Alice chooses $\widetilde{\mathsf{aliceSK}}$ uniformly at random in $[1,q)$ and derives $\mathsf{aliceSK}=r^{\widetilde{\mathsf{aliceSK}}}\bmod q$. She Pailler-encrypts $\widetilde{\mathsf{aliceSK}}$.

Same for Bob.

Somewhat the Pailler ciphertexts get Pailler-combined (that is multiplied modulo $n^2$ where $n$ is the public Pailler modulus) and Pailler-deciphered to $d=\widetilde{\mathsf{aliceSK}}+\widetilde{\mathsf{bobSK}}$

And from this it's possible to get

$$\mathsf{aliceSK}\times\mathsf{bobSK}\bmod q=r^d\bmod q$$

With 256-bit and even 384-bit $q$, it's reasonably easy to find $\widetilde{\mathsf{aliceSK}}$ from $\mathsf{aliceSK}$. Thus that technique can also be used after $\mathsf{aliceSK}$ was drawn the standard way.

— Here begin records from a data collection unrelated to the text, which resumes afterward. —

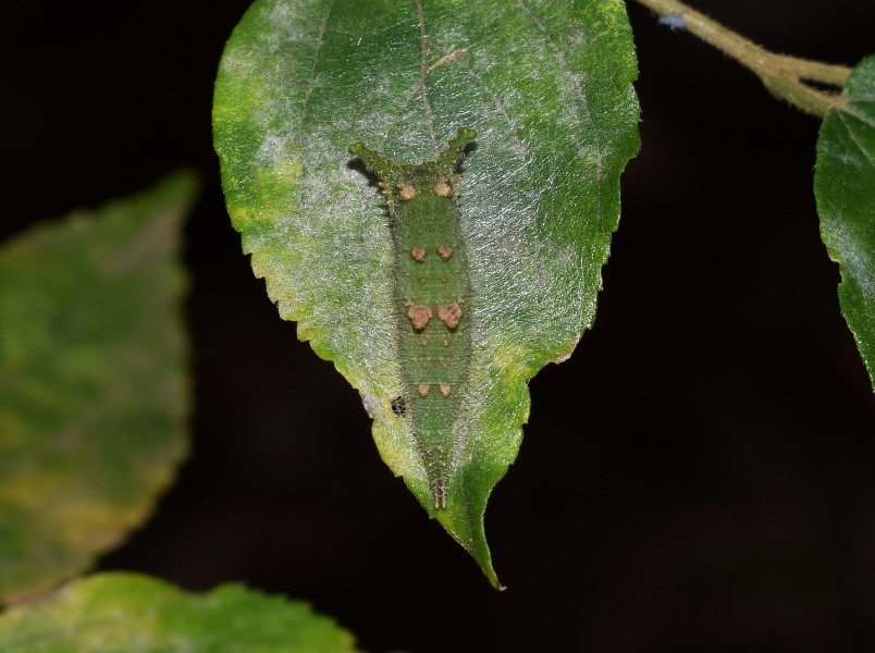 アカボシゴマダラの幼虫(ムシムシ探検隊通称:アーちゃん)も、エノキの若木の葉に、そっととまっていました。
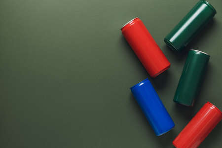 Set of aluminum cans on red background, top view. Recycling packaging to save our planet.
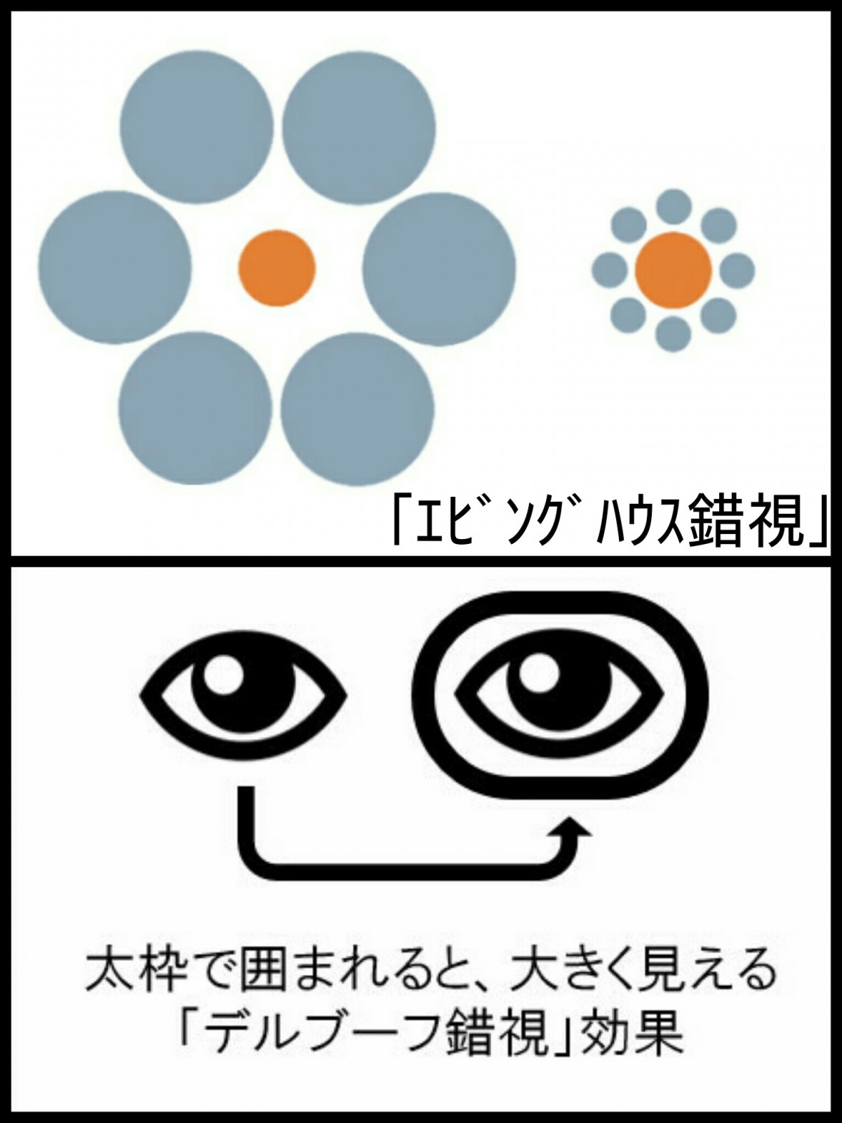さて、画像をご覧下さい。同じ大きさの二つのオレンジ色の円は、左の方が小さく見えませんか?周りにあるものが大きいほど、内側の円が小さく、逆にまわりが小さいと内側の円が大きく目立って見えてきますね。
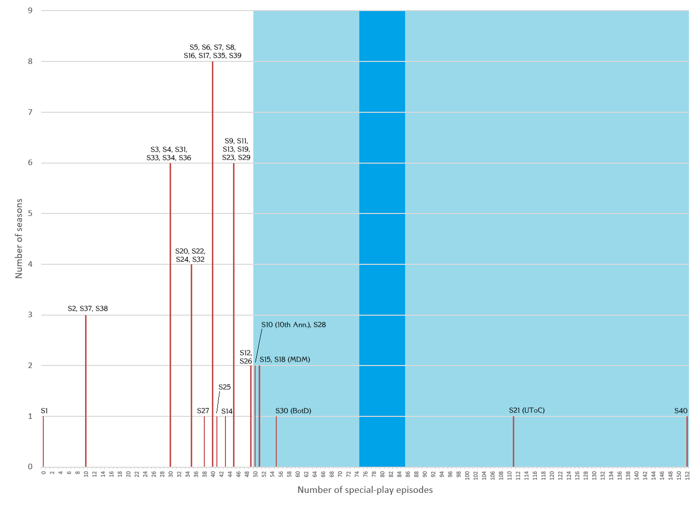 I feel fairly certain of that. I’ve updated the “blue histogram” I originally created a year ago to include the final special-play game count for Season 40, and I moved the dark blue range five games to the right (from 70-80, to 75-85; this is intended to represent the expected amount of special play in future seasons).
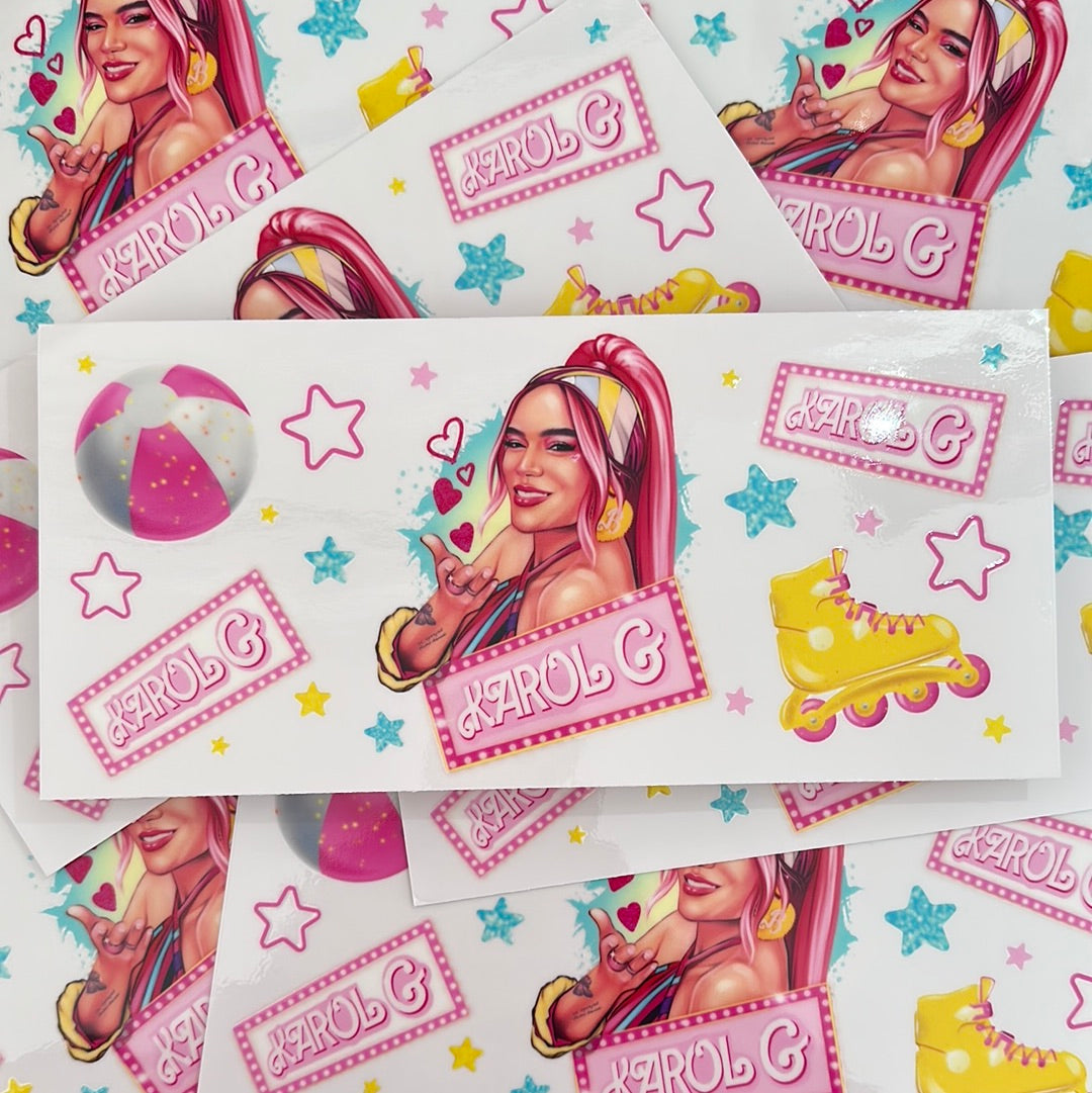 Uvdtf in pink Barbie inspired Karol G and Beach inspired Karol G
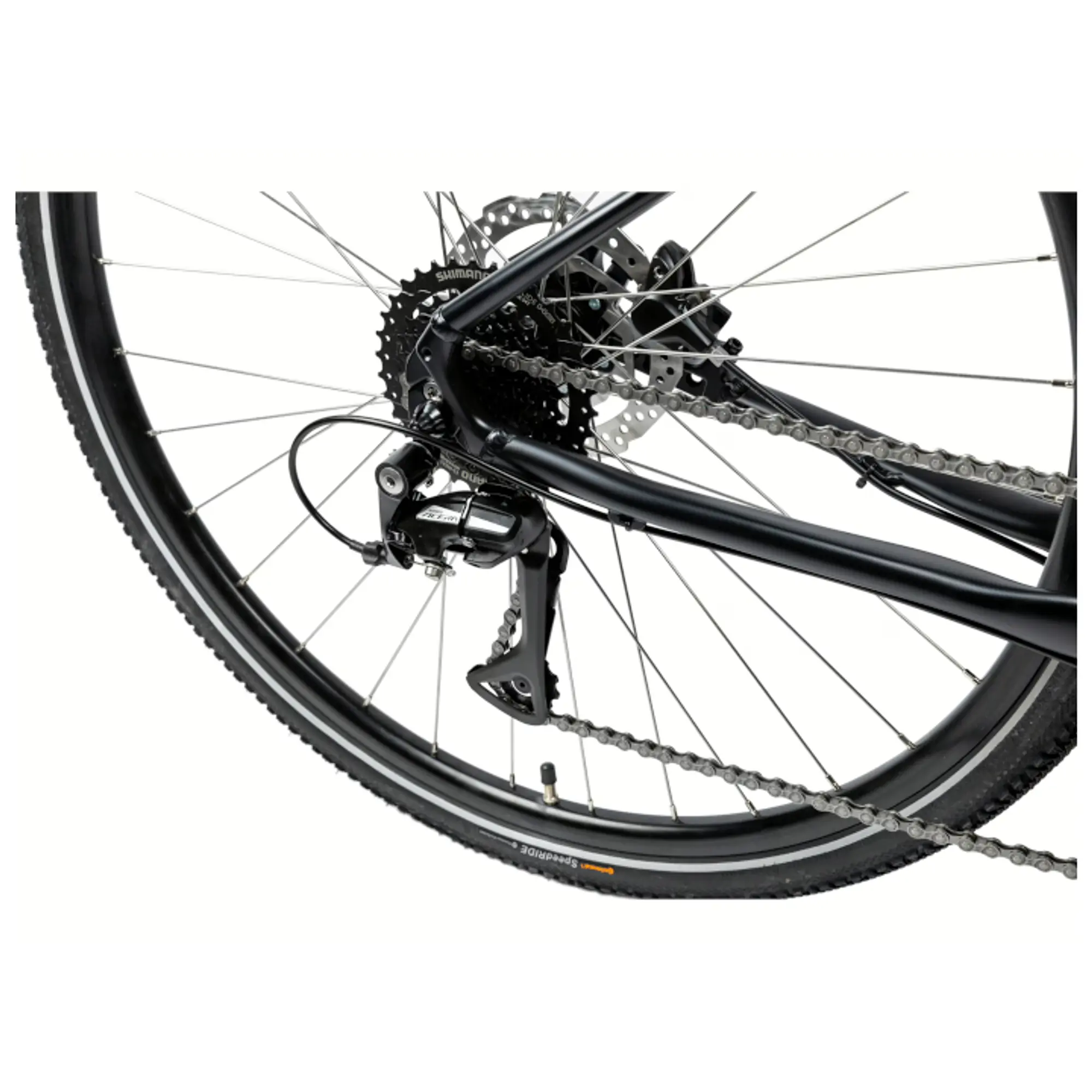 Crono 3 má solidně lehké ráfky Mach1 a kvalitní pláště Continental Speedride 42-622, se kterými se nemusíte bát vjet i na šotolinovou cyklostezku či hladkou lesní cestu.

I have never seen this proposed, but it's so simple that I doubt it's new.

¹ Trial and error with $r$ the first primes will find one quickly in an average of two attempts.

² That will hold for common $q$ in ECDSA, which usually is some hundreds bits, and common $n$ for secure Paillier, which usually is in the thousands bits.